Choosing the best encoding for each block
During compression, the algorithm must select the correct distribution pattern and boundary color pairs, then generate the quantized values for each pixel. There is a certain degree of trial and error involved in the selection of patterns and boundary colors, so when compressing there is a trade-off between compression time and final image quality. The higher the quality, the more alternatives the algorithm tries before deciding which is best. However long the compression takes, the decompression time is fixed. This is because the image data can always be re-extrapolated from the pattern and boundary colors in a single pass.
The compression algorithm can use different metrics to judge the quality of different attempts. These metrics range from pure value ratios of signal to noise, to a perceptual judgment weighted towards human visual acuity. The algorithm can also judge the channels individually rather than as a whole. Treating channels individually preserves detail for textures where the individual channels may be used as a data source for a shader program, or to reduce angular noise, which is important for tangent space normal maps.
Each texel requires a weight, which defines the relative contribution of each color endpoint when interpolating the color gradient.
For smaller block sizes, we can choose to store the weight directly, with one weight per texel. However, for the larger block sizes there are not enough bits of storage to do this. To work around this issue, ASTC allows the weight grid to be stored at a lower resolution than the texel grid. The per-texel weights are interpolated from the stored weight grid during decompression using a bilinear interpolation.

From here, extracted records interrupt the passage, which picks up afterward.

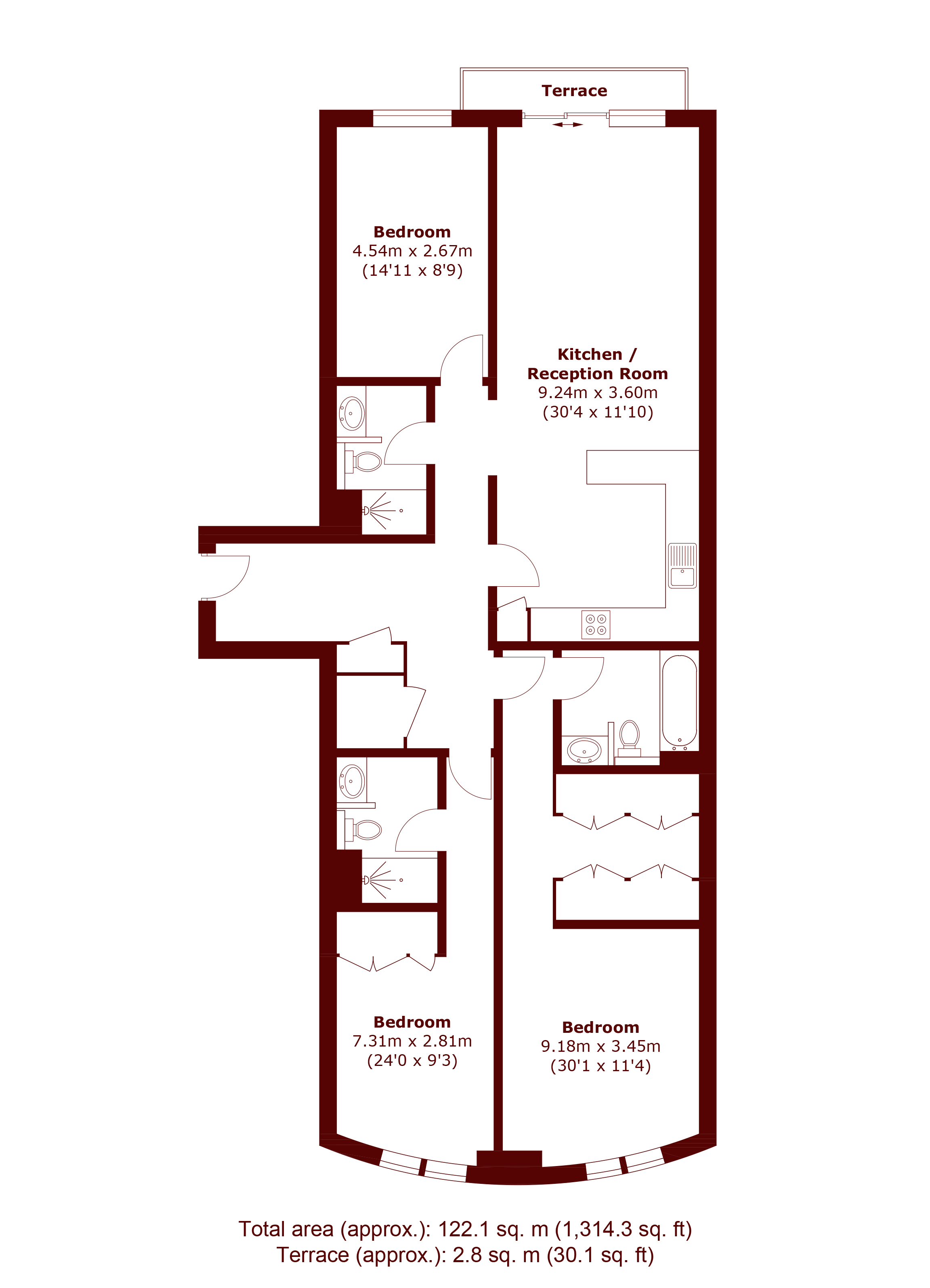 An immaculate three bedroom apartment in this impressive modern development located in the heart of Notting Hill. The flat is neutrally and beautifully decorated and boasts a fully integrated contemporary kitchen with semi open-plan reception room and private balcony overlooking quiet communal gardens, three large double bedrooms with built-in storage, two with en-suites and a further stylish bathroom. In addition the flat comes with the benefits of lift access, a 24 hour porter and on-site gym facilities.
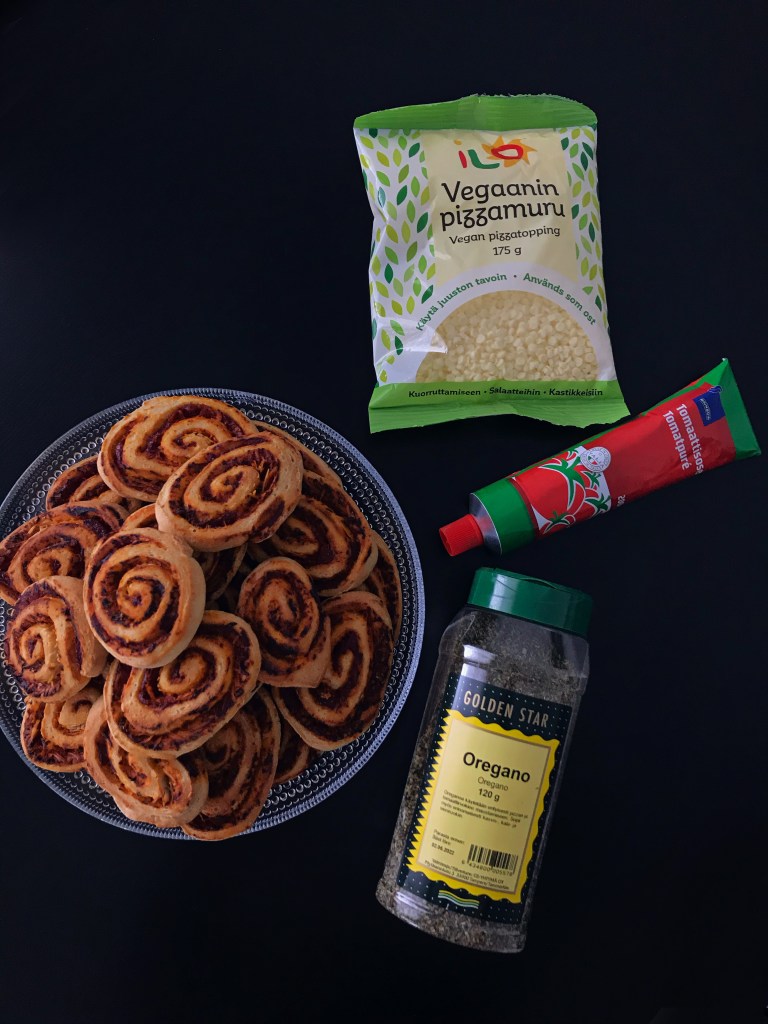 Kaulitse taikina leivinpaperin päällä ohueksi suorakaiteeksi. Levitä pinnalle tomaattisose ja ripottele päälle vegaaninen parmesani sekä oregano. Kääri suorakaide leivinpaperin avulla rullalle ja aseta jääkaappiin lepäämään 15 minuutiksi.
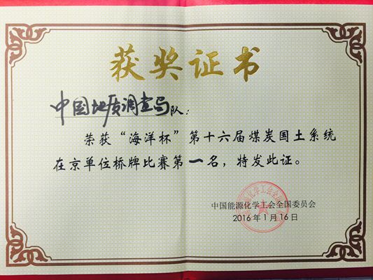 近日,由中国能源化学工会举办的“海洋杯”第十六届煤炭国土系统在京单位桥牌赛,在北京国家海洋局海洋减灾中心举行。由中心胡尚英、姜德仁、郭建华、王立军、赵泽华等为主组成的中国地质调查局直属机关2支代表队参加了本次比赛,最终取得比赛第一名和第四名的好成绩。
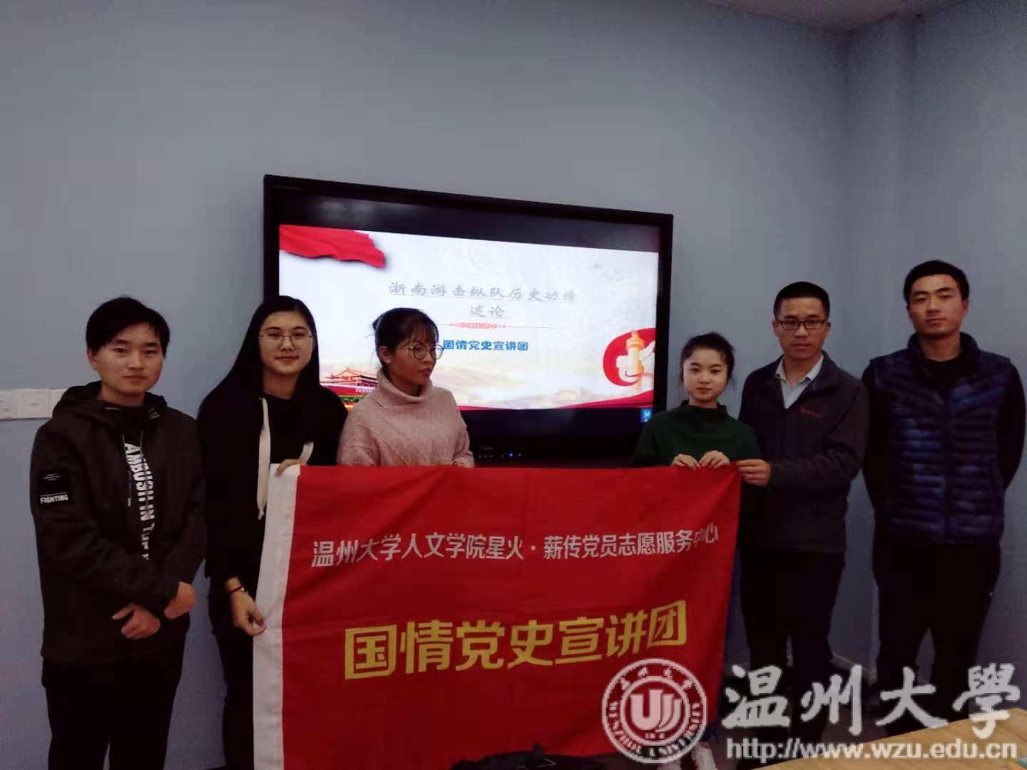 2018年11月23日晚6点,财神捕鱼 “星火·薪传”党员志愿服务中心之国情党史宣讲团携手第二党支部于北校区外语楼221党员之家会议室举办了纪念浙南游击纵队成立70周年“永远的丰碑,不朽的功绩”主题宣讲活动,活动由学生第二党支部书记陈赛君主持,支部全体党员同志参加了本次活动。
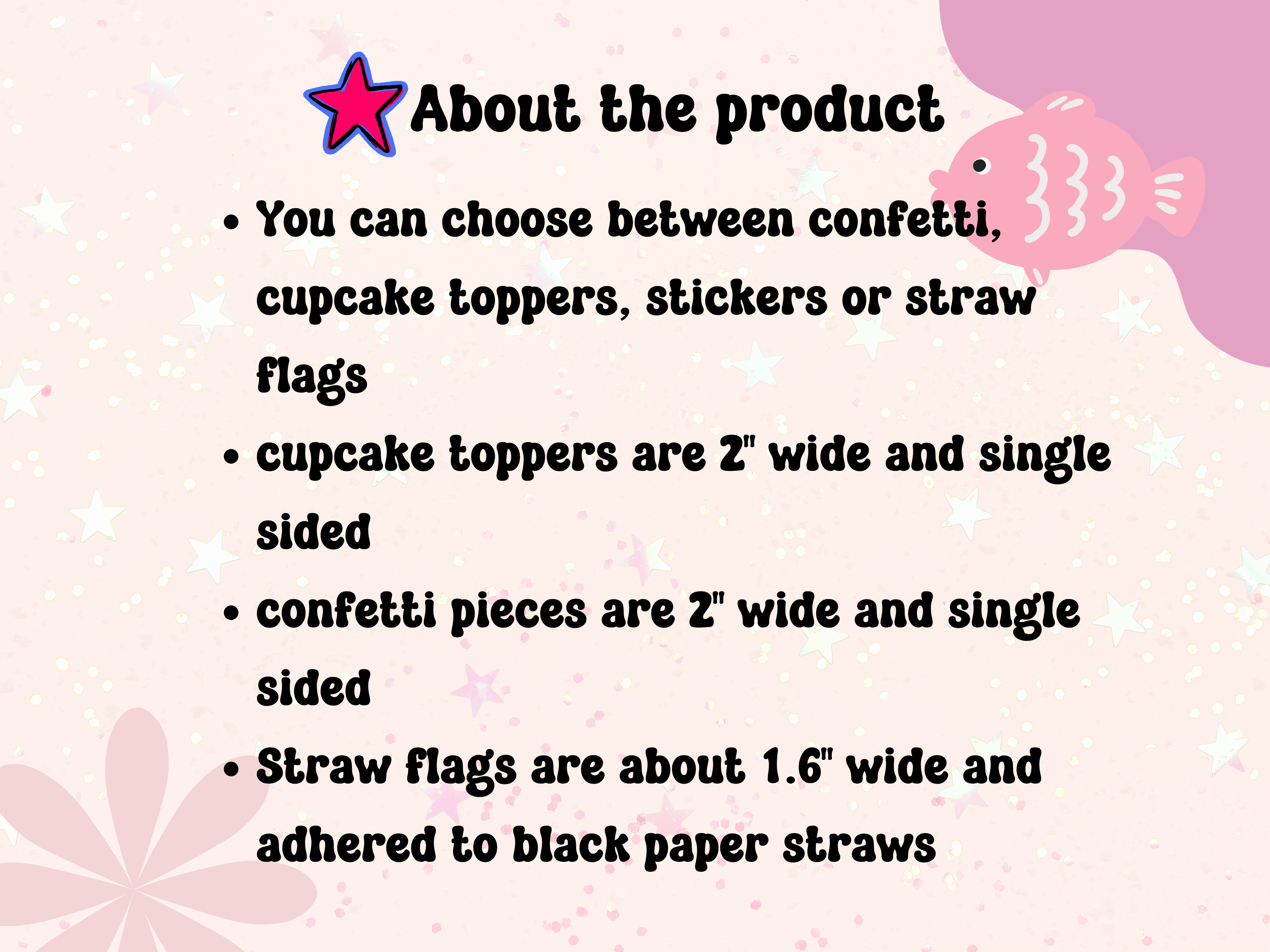 ⭐CUPCAKE TOPPERS: 2" wide and single sided
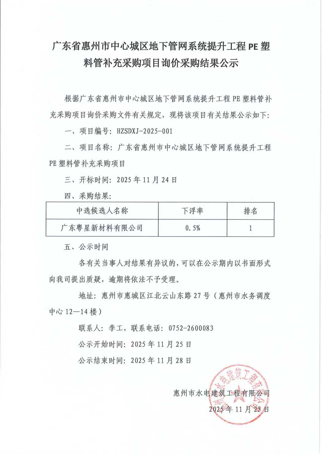 廣東省惠州市中心城區(qū)地下管網(wǎng)系統(tǒng)提升工程PE塑料管補充采購項目詢價采購結果公示
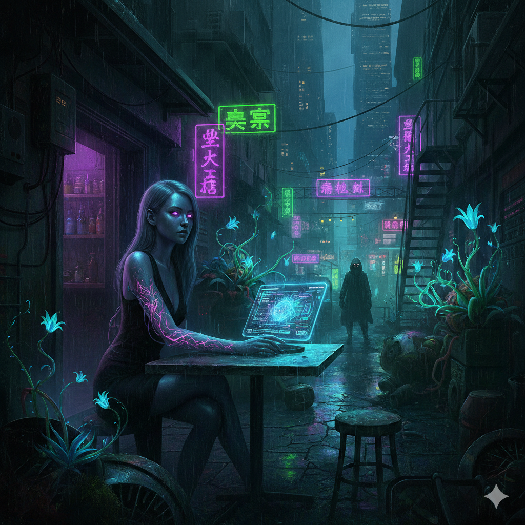 Представьте: вы сидите в полутёмном баре где‑то в трущобах Нео‑Шанхая. Воздух пахнет озоном и чем‑то сладким — то ли биолюминесцентными цветами в кадках, то ли синтетическим феромоном из распылителя. За соседним столиком — девушка с кожей цвета лунного серебра. Не краска — генетическая модификация. Её зрачки пульсируют в такт музыке, а на запястье мерцает узор: не татуировка, а живая биосхема, реагирующая на пульс. Это и есть биотехнопанк. Не просто жанр. Это дыхание будущего, которое уже касается вашей шеи. Биотехнопанк — это не про «крутые технологии». Это про переосмысление самого понятия «быть человеком». Здесь: Но главное — это эстетика. Биотехнопанк не кричит, он интимно шепчет. Он показывает: Не нужно ждать будущего — оно уже мерцает на страницах книг и экранах: Хотите не просто понять, а почувствовать этот жанр? Попробуйте: Биотехнопанк пугает не технологиями. Он пугает правдой. Потому что: Этот жанр — не прогноз, а зеркало. Он отражает наши страхи и желания: Биотехнопанк — эт
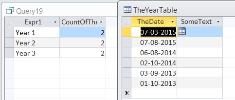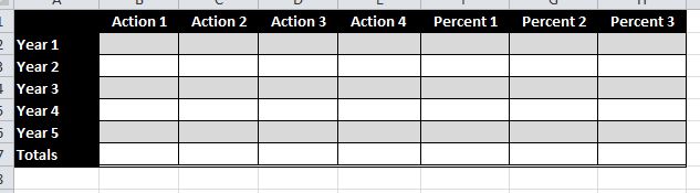 In this database that I've been working on for some time, I have a series of four actions that take place and fields that track the dates for these actions. I have created summary queries, using IIF and Totals (Sum), to pull out a number of how many of each events occur in each year. I also have some statistical information tracked on a separate report for each year that tracks percentages as appropriate. What I'd like is a report format that allows me to have the actions across as columns and the years as rows. I'm attaching an image of the kind of thing I have in mind here:
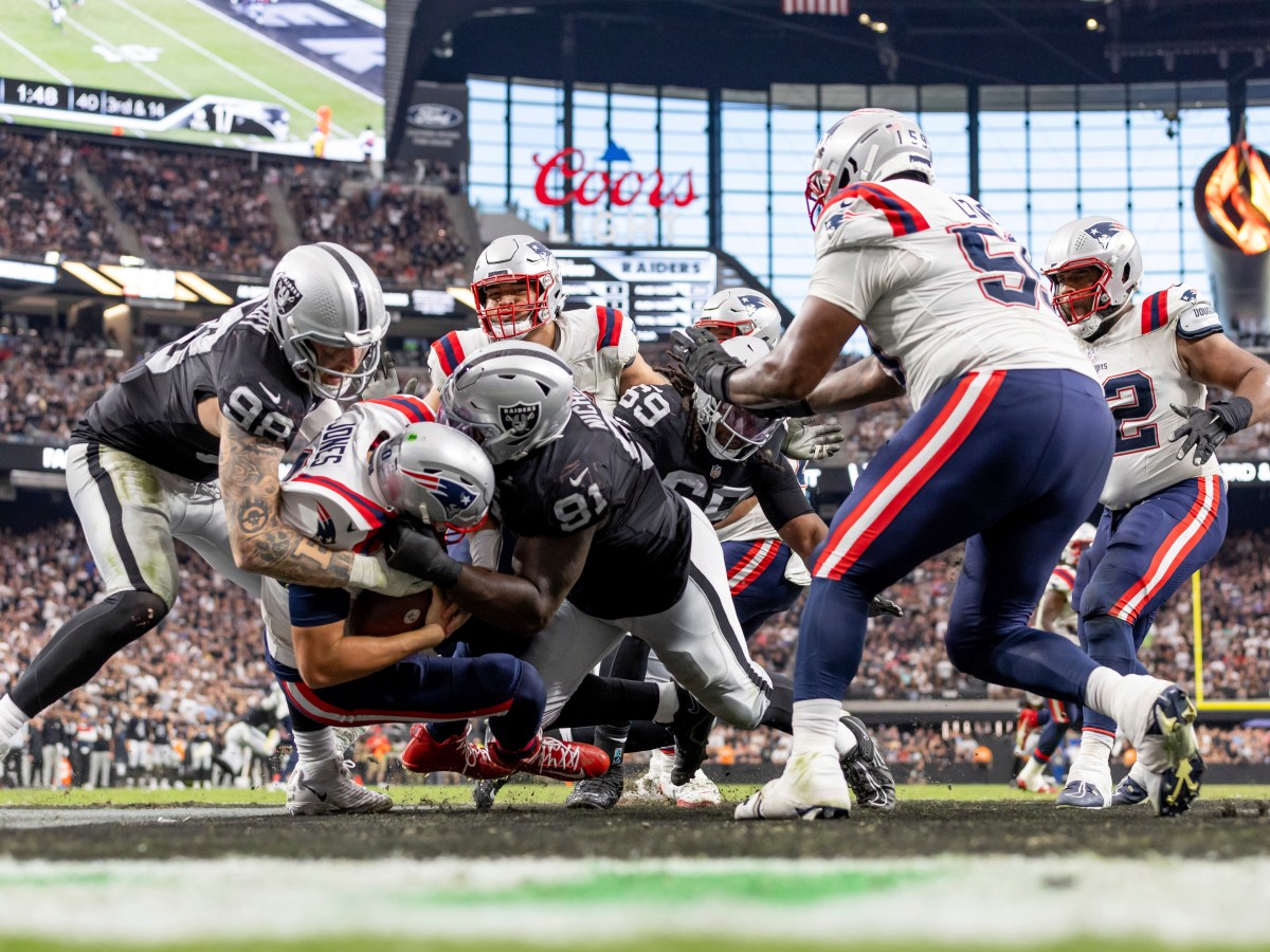 New England finally ends its touchdown drought, but Las Vegas holds on for a 21-17 victory.
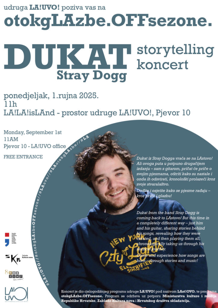 U ponedjeljak, 01. rujna 2025. godine, u 11.00 sati u prostoru udruge LA!UVO! na adresi Pjevor 10, Lastovo, održao se Storytelling koncert Dukat (Dušan Strajnić) iz Stray Dogga.
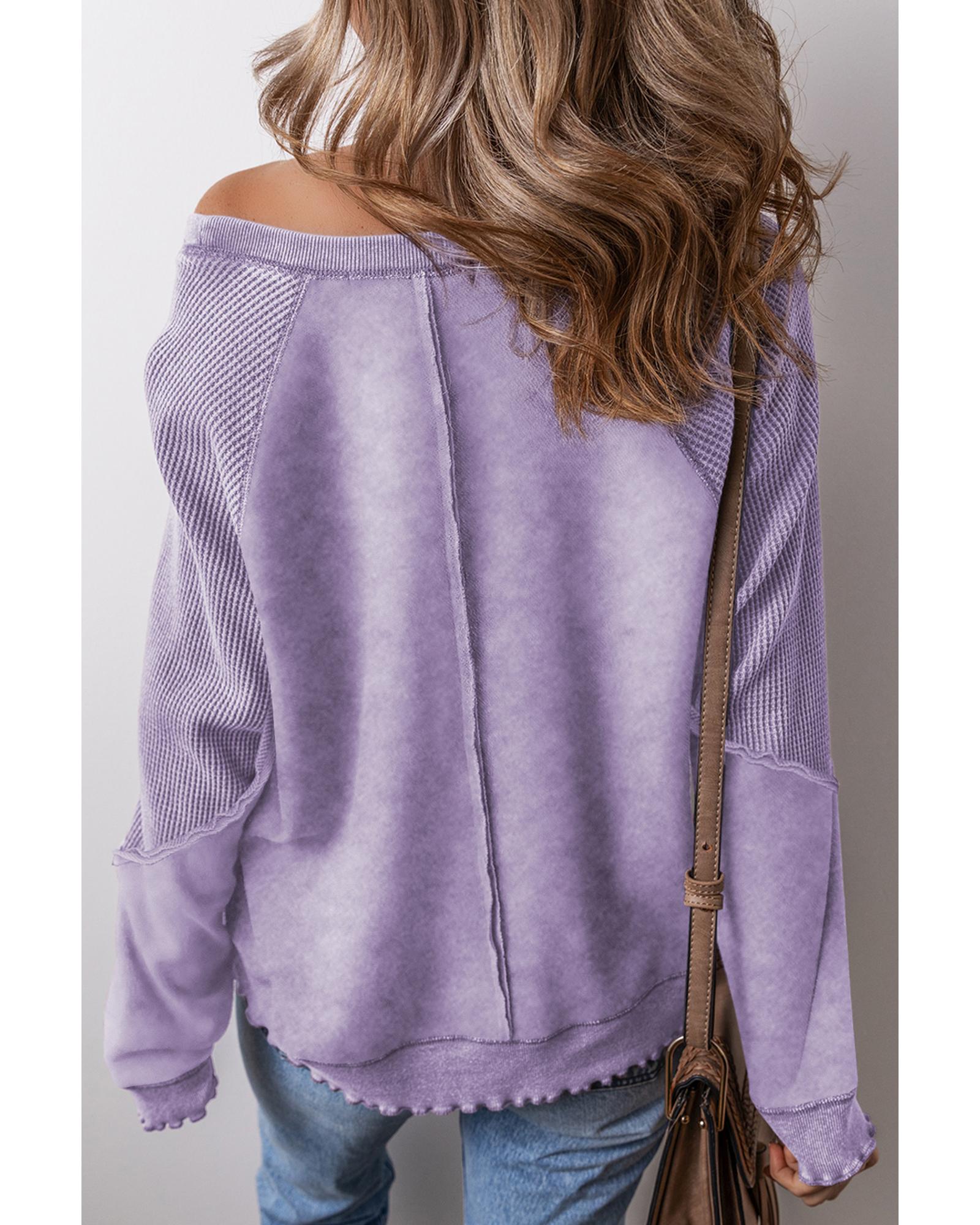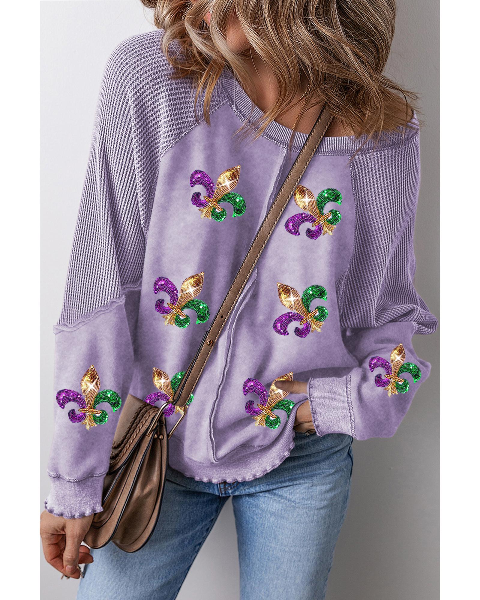 Orchid Petal Mardi Gras Patched Pattern Waffle Patchwork Sweatshirt – M
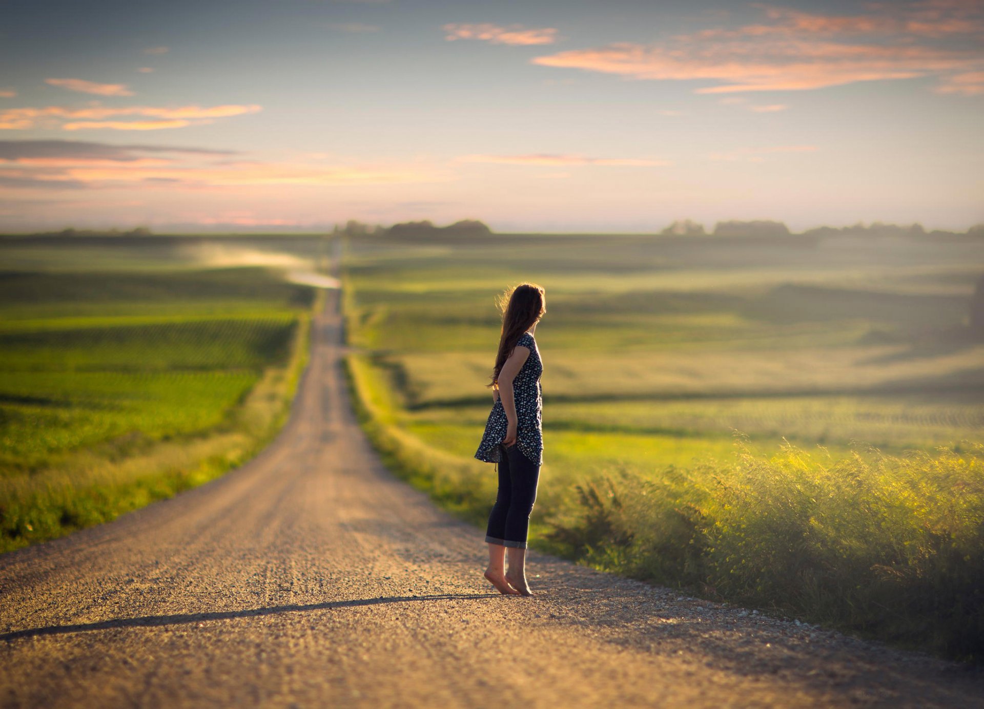 Rubia de pie en un prado contra un árbol solitario y un cielo azulRubia de pie en un Prado contra un árbol solitario y un cielo azul
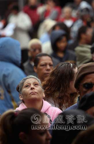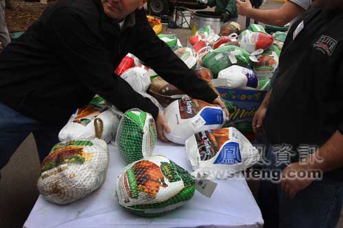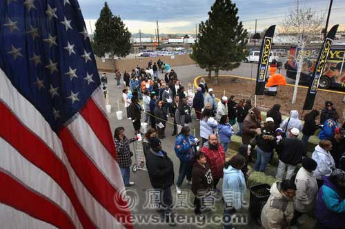 2008年11月25日,美國科羅拉多州丹佛市,人們在寒風(fēng)中排隊(duì)等待領(lǐng)取感恩節(jié)的免費(fèi)火雞和其他食物。丹佛市的慈善機(jī)構(gòu)計(jì)劃在感恩節(jié)之前向大約1200戶有需要的困難家庭發(fā)放感恩節(jié)食物。
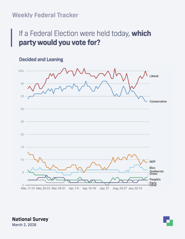 March 2, 2026 (Toronto, ON) – A new national survey released today by Liaison Strategies shows the Liberal Party of Canada, led by Prime Minister Mark Carney, holding a double-digit lead. If a federal election were held today, the Liberals would secure 43% (-2) of the decided and leaning vote, maintaining a significant 10-point advantage over the Conservative Party, which stands at 33% (no change).
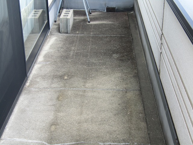 塗装による塗膜防水でもよさそうな箇所なのですが、ひび割れが多く、雨水が入ると困るのでウレタン防水をしています。塗装での防水よりもウレタン防水の方が膜厚があり、耐久性が高いです。

Both the number of texel weights, and the weight value BISE quantization level, can be chosen on a per-block basis.
Using a single weight for all color channels works well when there is good correlation across the channels, but this is not always the case. Common examples where we might get low correlation include:
- Textures storing RGBA data. Alpha masks are not usually closely correlated with the color value.
- Textures storing normal data. The X and Y normal values often change independently.
ASTC provides a dual-plane mode, which uses two separate weight grids for each texel. A single channel can be assigned to a second plane of weights, while the other three use the first plane of weights.
The use of dual-plane mode can be chosen on a per-block basis, but its use prevents the use of four-color partitions. This is because there are not enough bits to concurrently store both an extra plane of weights and an extra set of color endpoints.